[Collection entries]
--- START ---

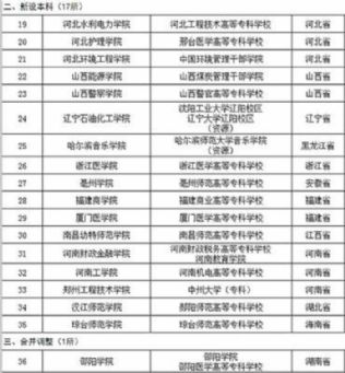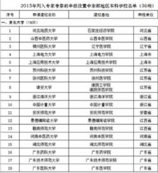 据教育部网站消息,教育部发展规划司日前印发《关于2015年列入教育部专家考察的申报设置高等学校的公示》,《公示》显示,2015年列入专家考察的申报设置中东部地区本科学校36所,其中:18所学院更名为大学,新设本科高校17所,合并调整高校1所。
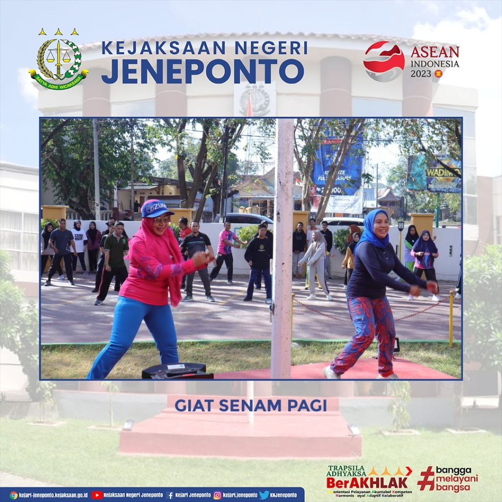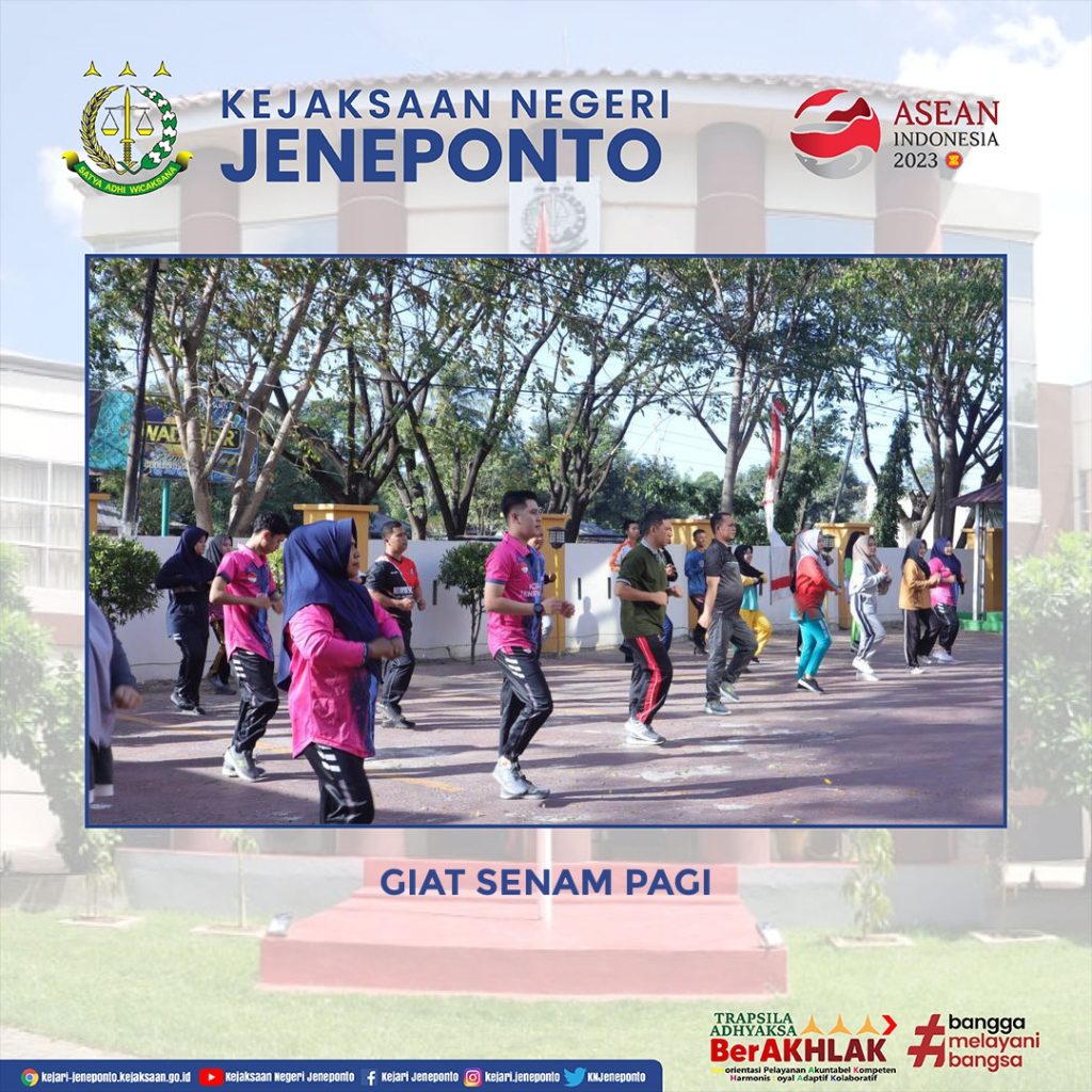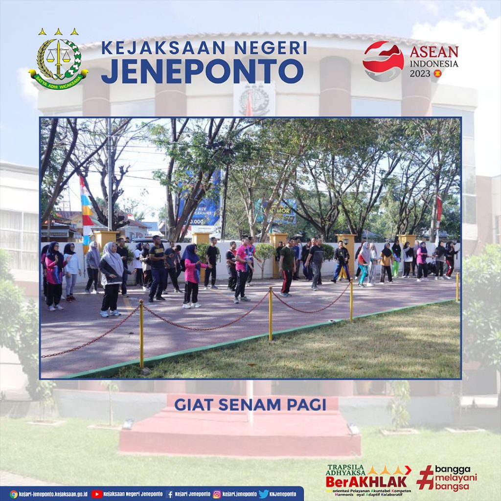 Kegiatan Senam Pagi Kejaksaan Negeri Jeneponto yang diikuti oleh Seluruh Pegawai, PPNPN,mahasiswa PPL dan siswa PKL bertempat di Halaman depan Kantor Kejaksaan Negeri Jeneponto.
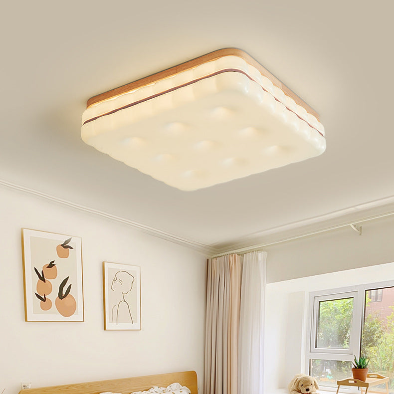 Contemporary Creative Round Square Rectangle Cookie Rubberwood Acrylic LED Flush Mount Ceiling Light For Living Room
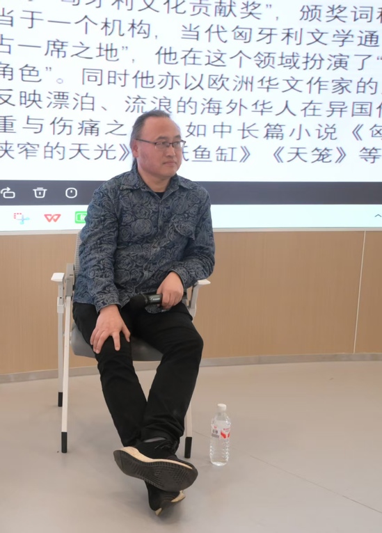 互动环节中,师生围绕旅行创作灵感、拉斯洛《反抗的忧郁》叙事特色等问题踊跃提问,余泽民教授对其逐一细致解答。他分享从欧洲的文人咖啡馆、名人墓地、各地教堂中汲取创作灵感的经历;解读《反抗的忧郁》无单一主角的叙事模式,正是为诠释人类发展从困境到困境的闭环逻辑服务。现场交流氛围热烈,师生均表示收获颇丰。
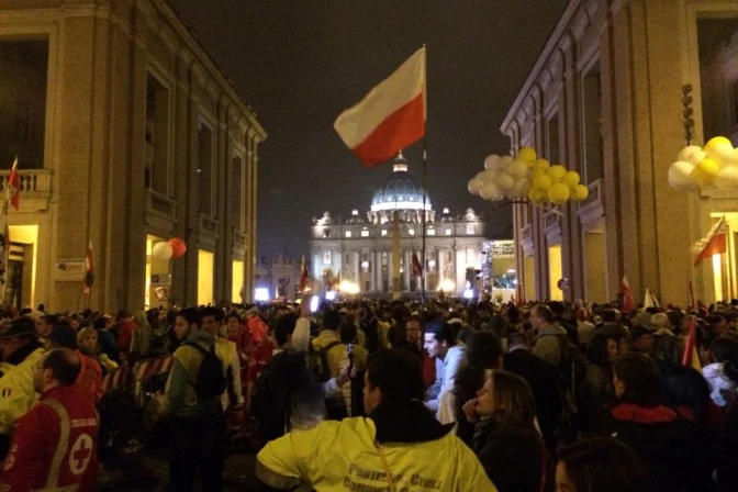 A las 00.00 horas de la noche de ayer, la zona central de Roma era surcada por gruesas hileras de peregrinos que se encaminaban a San Pedro a tomar posiciones. Y a las cuatro de la mañana ya podían verse grupos multitudinarios de polacos (muy numerosos estos días) - y de otros países intentando buscar un acceso a la plaza, cuyos alrededores estaban cortados al tráfico rodado y de personas.
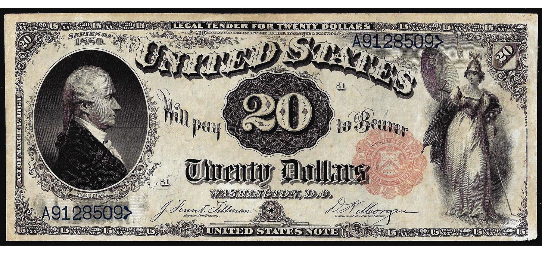 One 1880 $20 Legal Tender Note.
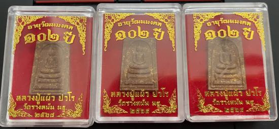 หลวงปู่แผ้ว ปวโร วัดรางหมัน พระผงสมเด็จพิมม์คะเเนน หลังรูปเหมือน ( 3 องค์ )
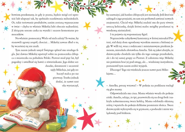"Pomocnicy Świętego Mikołaja" to świąteczna książka dla dzieci, która opowiada o wyborze dwojga wyjątkowych pomocników przez samego Mikołaja. Ta pełna ciepła i magii opowieść zabiera młodych czytelników w świat pełen zagadek i świątecznych niespodzianek. Rozalka, mała detektywka, stara się rozwikłać tajemnicę znikającej choinki, a pewna wnuczka próbuje odkryć sekret swojego dziadka.
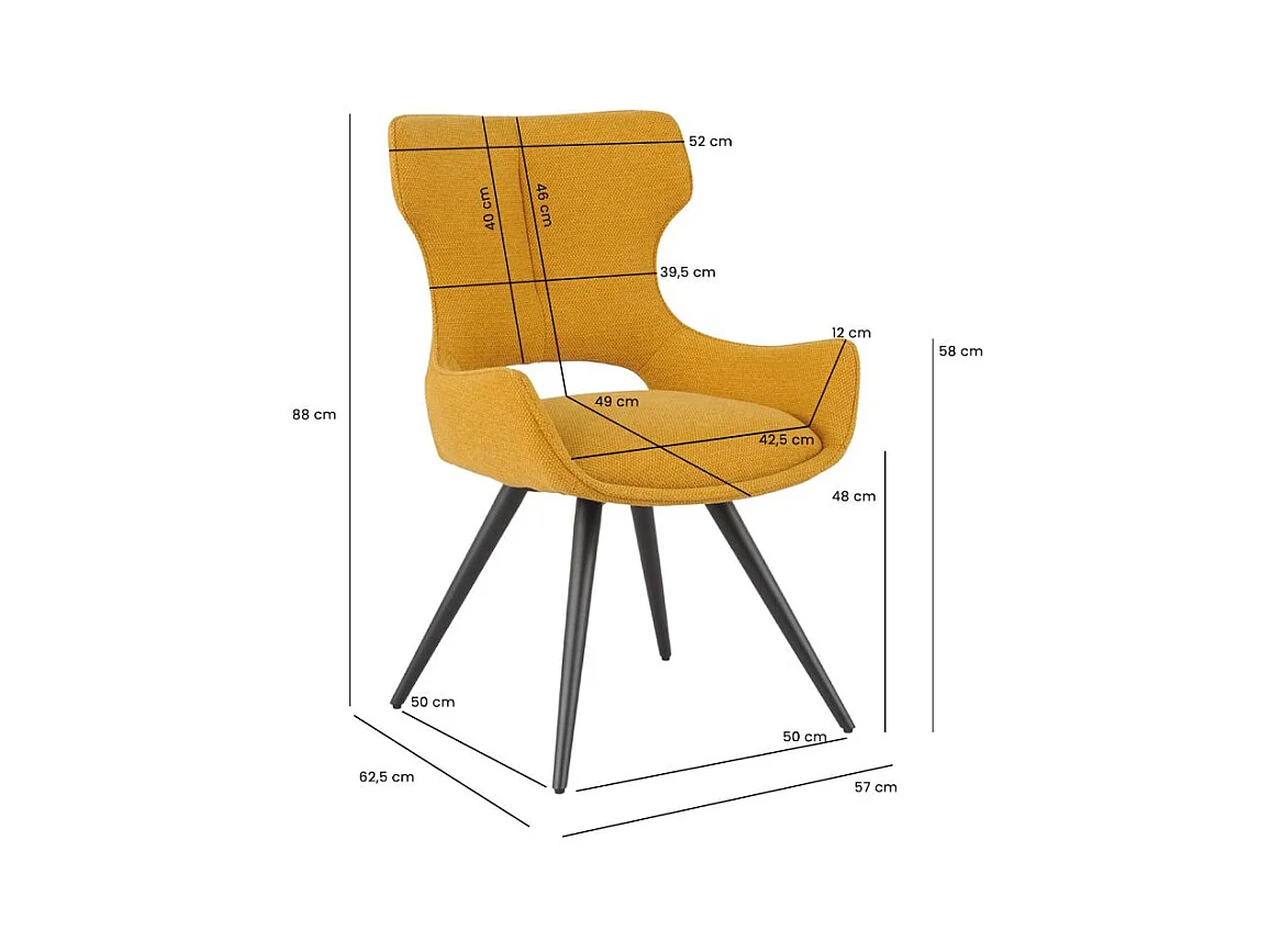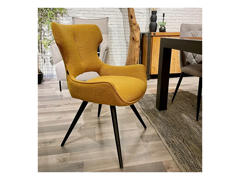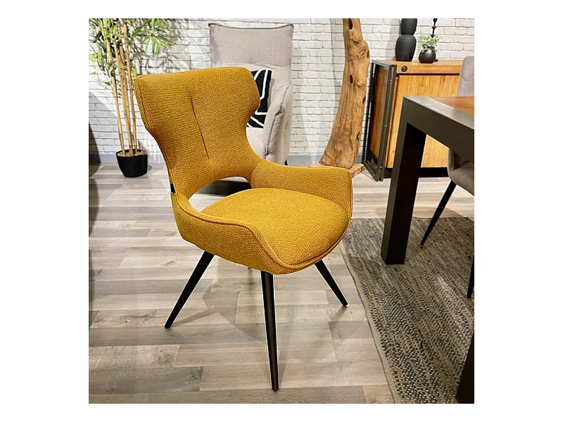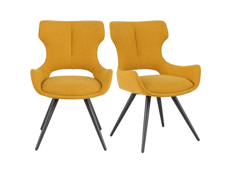 Lot 2 chaises pivotantes 180° en tissu jaune et pieds métal – SEVILLE
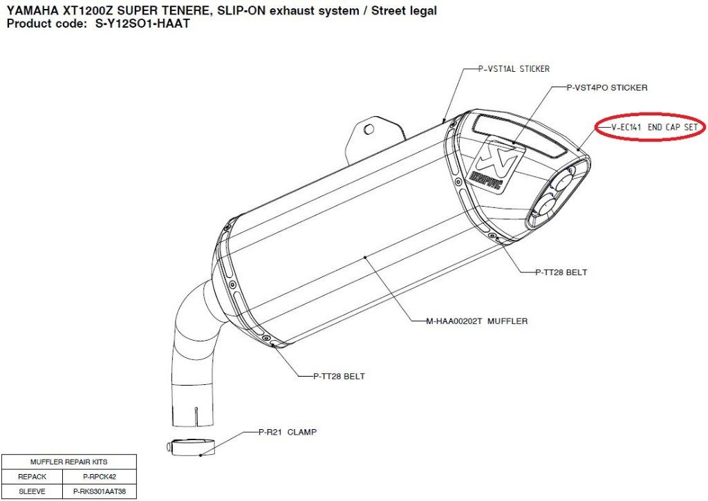 AKRAPOVIC アクラポビッチ 【リペアパーツ】V-EC141 end cap set XT1200E XT1200Z YAMAHA ヤマハ マフラーエンドキャップ マフラー
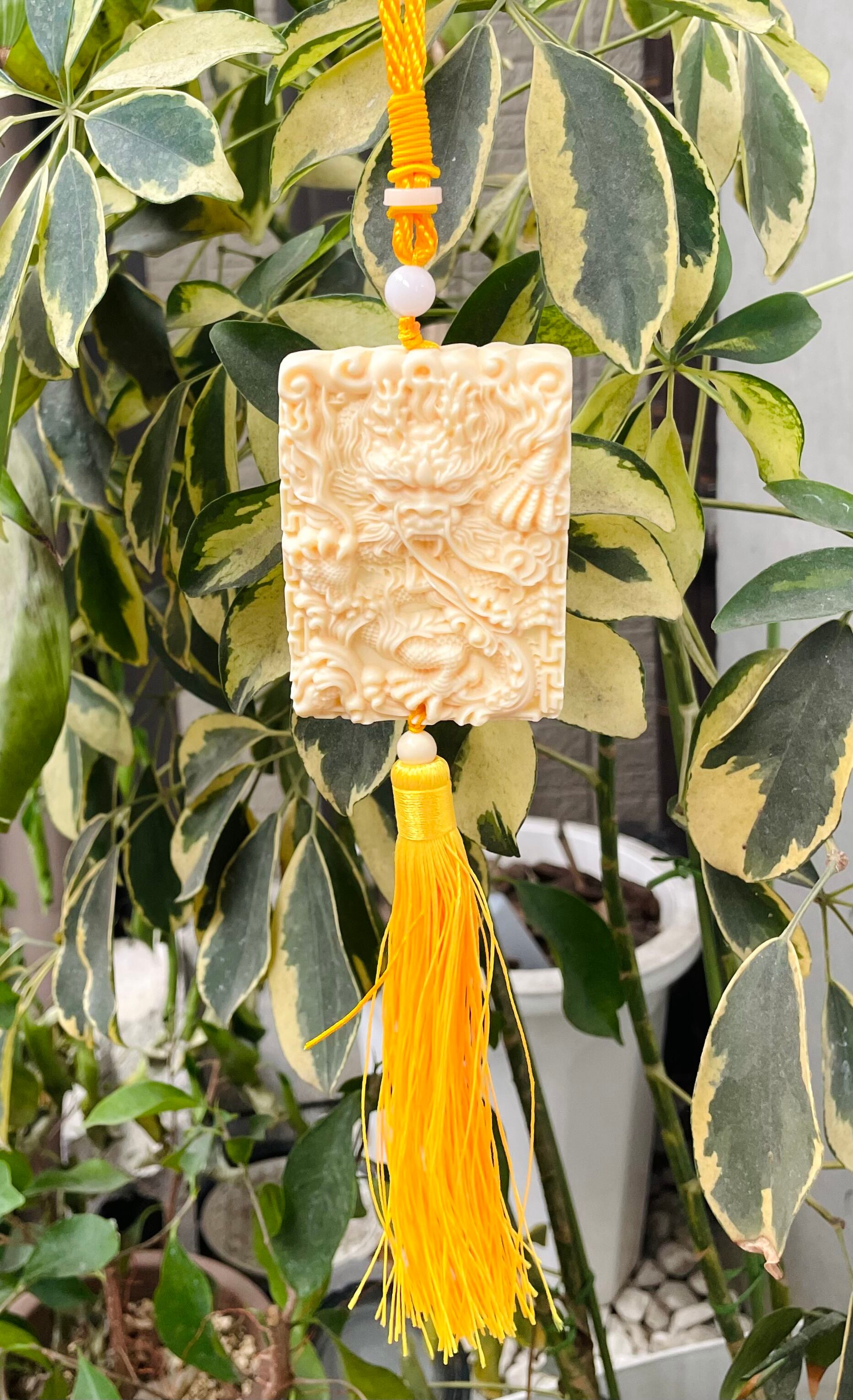 象牙椰子(アイボリーココナッツ)に五爪龍や九龍至尊が彫られた壁掛けです。
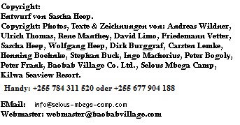 Ausflüge in das Dorf Mloka an. Angel Ausflüge auf dem Rufiji können ebenfalls organisiert werden. DAS HAUPT CAMP
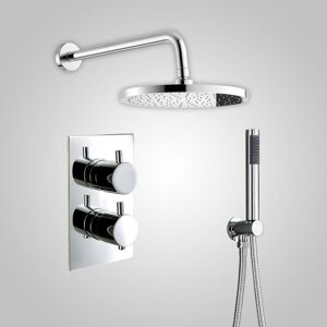 Description Constructed from solid brass, with modern ceramic disc technology, our stylish concealed thermostatic shower mixer valve is perfect for creating a new minimalist look to your bathroom. The mixer valve mounts on to the wall making your shower look less cluttered and bulky and the slim rectangular back plate neatly conceals all pipe work, adding an exceptional sleek finish. With our built-in anti-scalding devices in all of our thermostatic mixer valves, you can have piece of mind knowing that you'll never have to worry about any drastic drops in temperature. Thermostatic Valve Top dial - controls water to 2 outlet diverters Bottom dial - temperature control High Quality Design Chrome Finish Thermostatically controlled Manufactured from highly durable brass Operating range 20 - 50 deg C with 38 deg C safety button Built in non return valves to prevent back flow and filters to protect the thermostatic mechanism Chosen temperature maintained to within +/-1ºC Pre-set maximum

--- END ---

## [REQUIREMENT]
Whatever lies between the first line of the data and the line holding "Ausflüge in das", inclusive, should be repeated exactly, apart from the pictures.

## [WRITTEN ANSWER]
 据教育部网站消息,教育部发展规划司日前印发《关于2015年列入教育部专家考察的申报设置高等学校的公示》,《公示》显示,2015年列入专家考察的申报设置中东部地区本科学校36所,其中:18所学院更名为大学,新设本科高校17所,合并调整高校1所。
 Kegiatan Senam Pagi Kejaksaan Negeri Jeneponto yang diikuti oleh Seluruh Pegawai, PPNPN,mahasiswa PPL dan siswa PKL bertempat di Halaman depan Kantor Kejaksaan Negeri Jeneponto.
 Contemporary Creative Round Square Rectangle Cookie Rubberwood Acrylic LED Flush Mount Ceiling Light For Living Room
 互动环节中,师生围绕旅行创作灵感、拉斯洛《反抗的忧郁》叙事特色等问题踊跃提问,余泽民教授对其逐一细致解答。他分享从欧洲的文人咖啡馆、名人墓地、各地教堂中汲取创作灵感的经历;解读《反抗的忧郁》无单一主角的叙事模式,正是为诠释人类发展从困境到困境的闭环逻辑服务。现场交流氛围热烈,师生均表示收获颇丰。
 A las 00.00 horas de la noche de ayer, la zona central de Roma era surcada por gruesas hileras de peregrinos que se encaminaban a San Pedro a tomar posiciones. Y a las cuatro de la mañana ya podían verse grupos multitudinarios de polacos (muy numerosos estos días) - y de otros países intentando buscar un acceso a la plaza, cuyos alrededores estaban cortados al tráfico rodado y de personas.
 One 1880 $20 Legal Tender Note.
 หลวงปู่แผ้ว ปวโร วัดรางหมัน พระผงสมเด็จพิมม์คะเเนน หลังรูปเหมือน ( 3 องค์ )
"Pomocnicy Świętego Mikołaja" to świąteczna książka dla dzieci, która opowiada o wyborze dwojga wyjątkowych pomocników przez samego Mikołaja. Ta pełna ciepła i magii opowieść zabiera młodych czytelników w świat pełen zagadek i świątecznych niespodzianek. Rozalka, mała detektywka, stara się rozwikłać tajemnicę znikającej choinki, a pewna wnuczka próbuje odkryć sekret swojego dziadka.
 Lot 2 chaises pivotantes 180° en tissu jaune et pieds métal – SEVILLE
 AKRAPOVIC アクラポビッチ 【リペアパーツ】V-EC141 end cap set XT1200E XT1200Z YAMAHA ヤマハ マフラーエンドキャップ マフラー
 象牙椰子(アイボリーココナッツ)に五爪龍や九龍至尊が彫られた壁掛けです。
 Ausflüge in das Dorf Mloka an. Angel Ausflüge auf dem Rufiji können ebenfalls organisiert werden. DAS HAUPT CAMP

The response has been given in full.